Sometimes there is a nice one to one correspondence, like there may be an add instruction in your IR that corresponds to an add assembly instruction.

Sometimes is may take multiple assembly instruction to implement a simple IR construct, or a simple assembly construct may implement a complicated IR expression. Simple examples of the latter included fused multiply add instructions, or memory load instructions that allow constant offsets of the address (an internal add operation like ld result [addr + 4]).

In some sense the way this is all typically done is by searching for special patterns in the IR. These patterns may be somewhat implicit in the code of the instruction selector, or a mixed code and DSL like in LLVM’s tablegen.

There is an interesting paper on using constraint satisfaction solvers to perform the instruction selection problem that I’ve been trying to implement. At a high level it:

Find all matches of patterns
Grind on matches and ship them off to constraint model and solver to pick the best match cover
Chew on result of solver and build next stage IR out of templates for each selected match

I thought that 1. was kind of a cute example in which to use datalog (although I did not take this approach in the actual project which is to be open sourced soon).

If you have your IR in SSA form, it is easy enough to express as a table. Each statement becomes an entry in the tables corresponding to the different kinds of statements.

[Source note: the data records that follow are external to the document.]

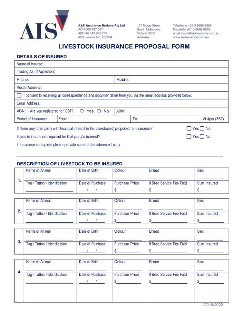 LIVESTOCK INSURANCE PROPOSAL FORM DETAILS OF INSURED Name of Insured: Trading As (If Applicable): Phone:Mobile:Postal Address: I consent to receiving all correspondence and documentation from you
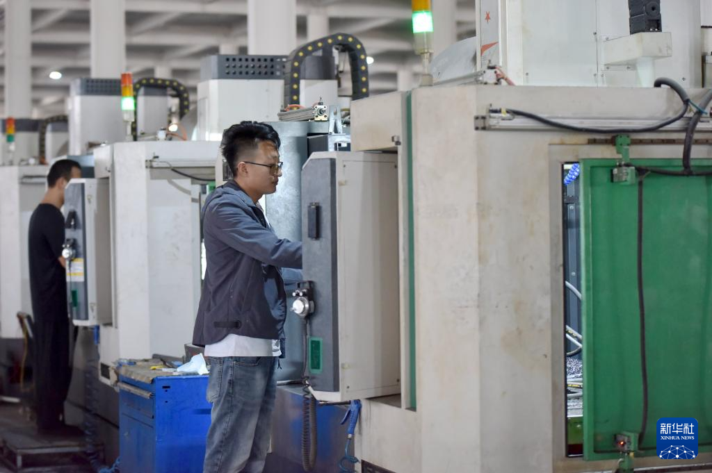 5月28日,在威县劳务品牌建设单位邢台威力汽车零部件有限公司,学员操作数控机床。
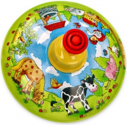 Zvrkalo je ukrašeno veselim ilustracijama koje prikazuju životinje i prizore s farme, što čini igračku privlačnom za malu djecu.

What about the ordering of statements in a block? Actually, The ordering of the IR assignments within a basic block is a bit of a red herring IMO. It is an unfortunate side effect of needing to serialize the thing, or of using vector/list data structures. The dataflow within a block is really more graph-like than it is sequence-like. You do need to explicitly thread effects as values though if you do this. This is what is done in the paper.

Filling the initial database looks a bit like writing LLVM IR. The . of datalog is a bit like a statement ending ;. You have to specify what block every statement is in with an explicit column in the statement table rather than declaring it at the top of the block like in LLVM IR.

Patterns can be specified as datalog clauses which fill out tables of every possible match. This is not a recursive query, so you could implement this in bog standard sql too if you’d like. You can dump all the matches as the entries of these tables and then ship them off to the constraint solver.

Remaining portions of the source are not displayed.